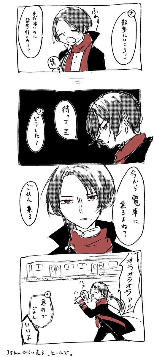 散歩(通学)に近侍ピンを持って走る加州清光が健気
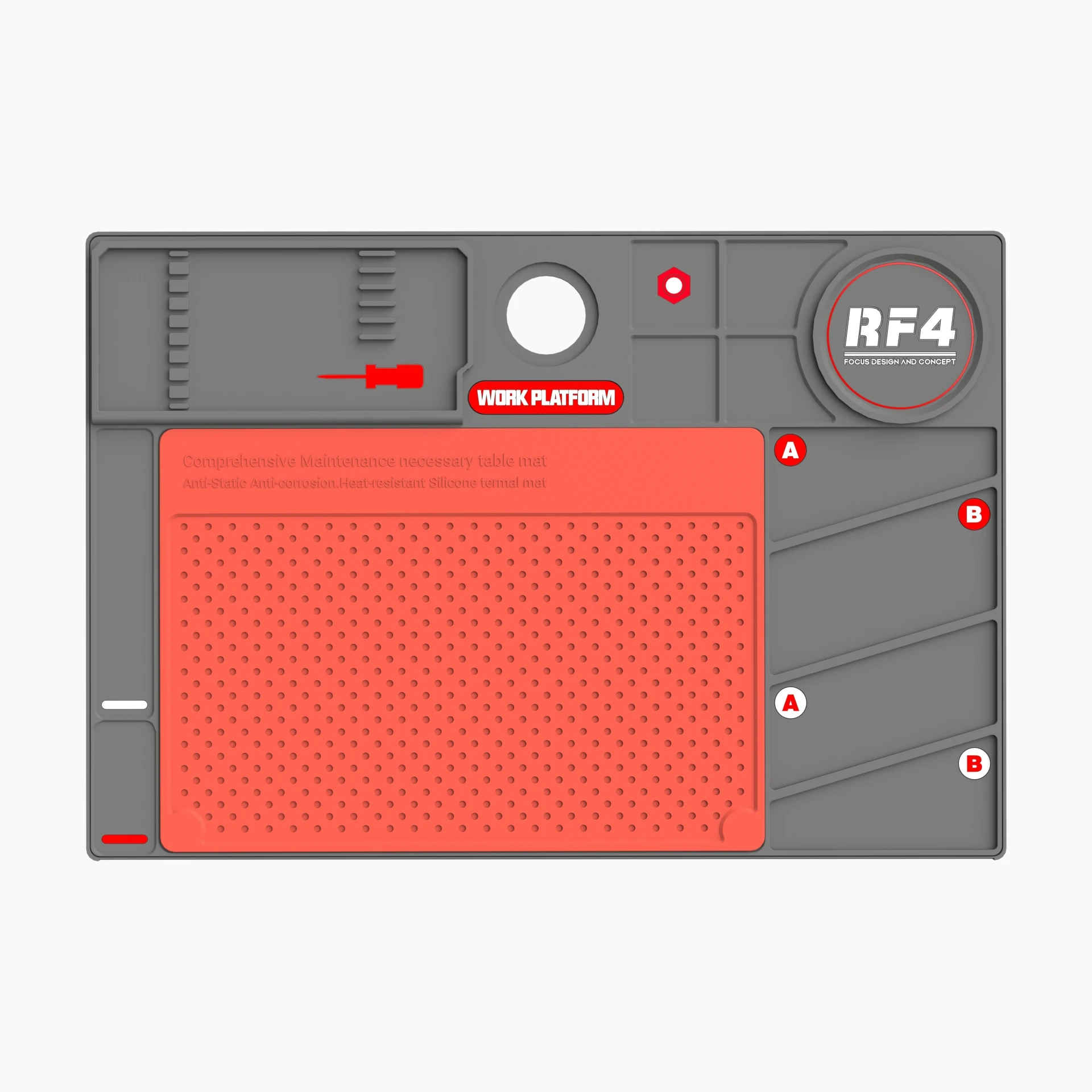 Transform your workspace with the RF4 Insulated Silicone Soldering Mat, engineered for optimal temperature resistance and function. Measuring 260x380mm, it provides ample space for delicate repairs, ensuring your devices are handled with care. This mat withstands temperatures up to 500°C without suffering deformation, thanks to its sturdy honeycomb structure which offers superior durability. The flame retardant and anti-slip features ensure a safe working environment, whether you are soldering circuit boards or repairing electronic gadgets. Elevate your repair game and make every project successful with this exceptional maintenance platform!
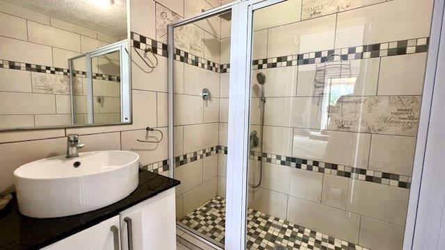 The main bedroom features an en-suite bathroom with a newly upgraded luxurious double shower.The main bedroom has a sliding door that leads out onto the spacious covered patio with awesome sea-views, creating a seamless indoor-outdoor living experience.
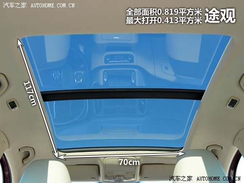 途觀的天窗其實(shí)跟Q5非常接近,除了尺寸稍有一丁點(diǎn)的差別以外(長度和寬度略小一點(diǎn)點(diǎn)),但是不管怎么說,在價(jià)格低了很多的途觀上面,能有和Q5幾乎一樣的全景天窗,同樣遮陽簾也是電動(dòng)方式打開,看上去還是很劃算的。
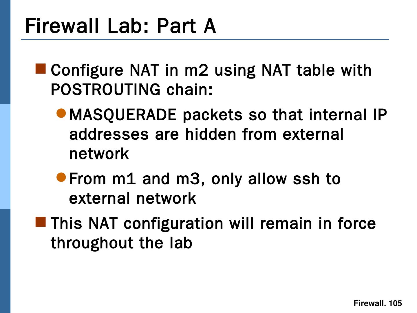 27 .Traditional packet filters source IP address destination IP address source port destination port TCP flag bits SYN bit set: datagram for connection initiation ACK bit set: part of established connection TCP or UDP or ICMP Firewalls often configured to block all UDP direction Is the datagram leaving or entering the internal network? router interface decisions can be different for different interfaces Analyzes each datagram going through it; makes drop decision based on:
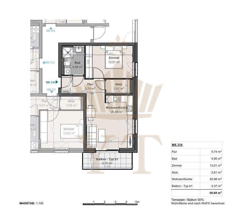 | Wohnfläche: | ca. 50,70 m² |
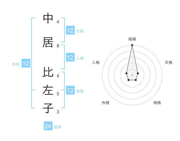 中居 比左子さんの外格は12画の1点!
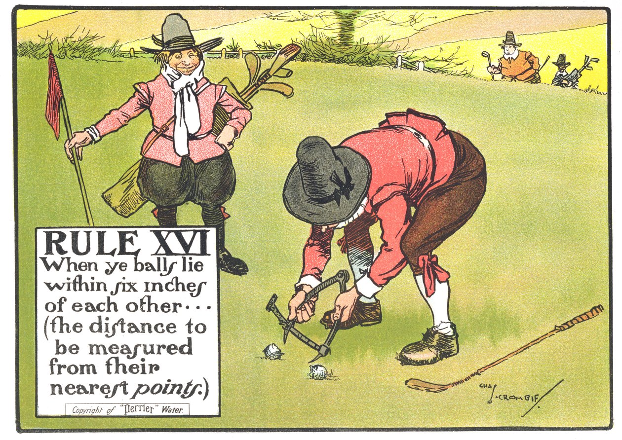 Regel XVI: Wenn die Bälle innerhalb von sechs Zoll voneinander liegen...(der Abstand wird von ihren nächsten Punkten gemessen), aus 'Regeln des Golfs', veröffentlicht um 1905(Rule XVI: When ye balls lie within six inches of each other...(the distance to be measured from their nearest points), from 'Rules of Golf', published c.1905 )Charles Crombie |
+---+
All of the records need repeating exactly, except for the pictures.

**ANSWER TO THIS TASK**
 散歩(通学)に近侍ピンを持って走る加州清光が健気
 Transform your workspace with the RF4 Insulated Silicone Soldering Mat, engineered for optimal temperature resistance and function. Measuring 260x380mm, it provides ample space for delicate repairs, ensuring your devices are handled with care. This mat withstands temperatures up to 500°C without suffering deformation, thanks to its sturdy honeycomb structure which offers superior durability. The flame retardant and anti-slip features ensure a safe working environment, whether you are soldering circuit boards or repairing electronic gadgets. Elevate your repair game and make every project successful with this exceptional maintenance platform!
 The main bedroom features an en-suite bathroom with a newly upgraded luxurious double shower.The main bedroom has a sliding door that leads out onto the spacious covered patio with awesome sea-views, creating a seamless indoor-outdoor living experience.
 途觀的天窗其實(shí)跟Q5非常接近,除了尺寸稍有一丁點(diǎn)的差別以外(長度和寬度略小一點(diǎn)點(diǎn)),但是不管怎么說,在價(jià)格低了很多的途觀上面,能有和Q5幾乎一樣的全景天窗,同樣遮陽簾也是電動(dòng)方式打開,看上去還是很劃算的。
 27 .Traditional packet filters source IP address destination IP address source port destination port TCP flag bits SYN bit set: datagram for connection initiation ACK bit set: part of established connection TCP or UDP or ICMP Firewalls often configured to block all UDP direction Is the datagram leaving or entering the internal network? router interface decisions can be different for different interfaces Analyzes each datagram going through it; makes drop decision based on:
 | Wohnfläche: | ca. 50,70 m² |
 中居 比左子さんの外格は12画の1点!
 Regel XVI: Wenn die Bälle innerhalb von sechs Zoll voneinander liegen...(der Abstand wird von ihren nächsten Punkten gemessen), aus 'Regeln des Golfs', veröffentlicht um 1905(Rule XVI: When ye balls lie within six inches of each other...(the distance to be measured from their nearest points), from 'Rules of Golf', published c.1905 )Charles Crombie |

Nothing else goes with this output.